# Flow NXT-AT



## NickShake (Nov 18, 2011)

I found some Flow NXT-AT's online pretty cheap. I just bought a Flow Quantum 2012. I am looking to do more freestyle and all over the mountain type of stuff, do you think these are a good choice for me, or do you think the Rome 390 Bosses would be better in this case?


----------



## Nivek (Jan 24, 2008)

Nope. AT's is what I'd go with.


----------



## ChiTownRon (Aug 19, 2012)

Definitely go with the AT's. How cheap did you find them for?


----------



## NickShake (Nov 18, 2011)

170 bucks brand new


----------



## Strewth (Sep 18, 2012)

The NXT AT's would be a solid choice.
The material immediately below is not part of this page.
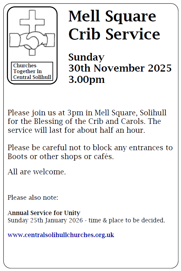 Crib Service – Sunday 30th November, 3pm in Mell Square, Solihull. Click here for details.

Probably the best price vs performance option from Flow. Rode the NXT AT's all last season.


----------



## NickShake (Nov 18, 2011)

Are the AT's rear entry bindings?


----------



## Nivek (Jan 24, 2008)

NickShake said:


> Are the AT's rear entry bindings?


Is this a joke?


----------



## NickShake (Nov 18, 2011)

Indeed it is!  Just trying to see if people were paying attention!


----------



## ChiTownRon (Aug 19, 2012)

NickShake said:


> Are the AT's rear entry bindings?





Nivek said:


> Is this a joke?


Haha. :laugh:



170$ brand new ay, pretty good deal. are they the 2012 model ?


----------



## NickShake (Nov 18, 2011)

Yeah but the thing I didnt see that they are only available in extralarge. If my boot is anywhere around 10 to 11 is that too big. The reason why I say 10-11 is because I dont have boots yet.


----------



## ChiTownRon (Aug 19, 2012)

For 10 and 10.5 you might want large flow bindings when it comes to the nxt's. but according to the sizing chart 11's would be fine for xl bindings. maybe someone who had this problem could help you find out if 10 and 10.5 would fit for xl's. but here's the chart up to size 11 boot.


----------



## Strewth (Sep 18, 2012)

I have size 11 boots with XL bindings, which is just right. Tried the large bindings and they seemed way too small.


----------